What's in a good calorie?
Your daily caloric intake number is an important number to know in order to keep your body functioning at its optimum level. Too few or too many calories inhibit a healthy lifestyle. But just hitting the right calorie count doesn’t cut it. There is a significant difference in filling up on 100 calories of cake versus 100 calories of vegetables. At the end of the day, you want to look for nutrients, not just items that have an appealing taste.
Here are some ideas to help you make wise decisions to get more out of the calories you’re consuming:
- Carbohydrates: Look for foods rich in complex carbs versus simple carbs (corn syrup and sugar). Complex carbs look like potatoes, brown rice and legumes and give your body a boost in vitamins, minerals and fiber. Replacing a white bread (simple carb) for a whole wheat bread (complex carb) will give you the same caloric intake, but also provide you with better nutrients.

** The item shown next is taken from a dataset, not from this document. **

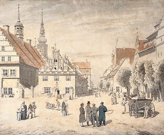 Im Geburtshaus des Malers (oben rechts) befindet sich heute das CasparDavidFriedrichZentrum. Das Aquarell vom „Greifswalder Markt“ (oben) schuf Friedrich 1818, es wird im Pommerschen Landesmuseum ausgestellt.

- Fiber: Fiber itself doesn’t add to the net calorie count, but it does take up room in your stomach, contributing to a feeling of fullness and promoting better digestive health. Look for items rich in fiber and you’ll boost your metabolic activity.
- Fats: In looking at nutrition labels, you want to select foods that are heavier in unsaturated fat versus saturated. These fats can still rack up the calories, so eat only a serving’s worth, but it’s also important to note that these fats are essential for a healthy dose of energy.